Notoreas edwardsi is a species of moth in the family Geometridae. It is endemic to New Zealand. This species has been classified as Nationally Critical by the Department of Conservation.

== Taxonomy ==
This species was first described in 2010 by Brian Patrick and Robert J.B. Hoare. It was named in honour of Eric Edwards.

== Description ==

N. edwardsi larvae start off life green in colour but quickly change to brown. As they mature their colour changes again to pink purple with white lines running side to side on their body.

Adult moths of this species have pallid orange and white transverse markings on their forewings with orange and black-marked hindwings. N. edwardsi is similar in appearance to its close relations N. elegans and N. casanova.

== Distribution ==
This species is endemic to New Zealand. It only occurs at Big Sandhill, Mission Bay on Stewart Island.

== Life cycle and behaviour ==

This species has only been seen in its natural habitat in December but it has been hypothesised that it may produce two broods in a season. The female moth lays her eggs within the flowers buds of their hostplant. When the larvae emerge from their eggs, they eat into the leaves or buds of their host, hiding from predators. Once they are large enough, they emerge to feed from the fresh growth of the plant.
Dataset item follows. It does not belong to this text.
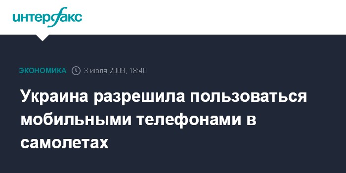 Киев. 3 июля. INTERFAX.RU - Кабинет министров Украины разрешил пользоваться мобильной связью на бортах самолетов над территорией страны.

N. edwardsi pupate in a loose cocoon on the ground under their host. The species spends approximately 43 days in their cocoon before emerging as an adult. N. edwardsi are day flying moths. They are low but fast flyers and constantly vibrate their wings to enable them to take off rapidly.

== Host species ==
The host plant for the larvae of N. edwardsi is the endemic plant Pimelea lyallii.

==Conservation status==
This moth is classified under the New Zealand Threat Classification system as being Nationally Critical.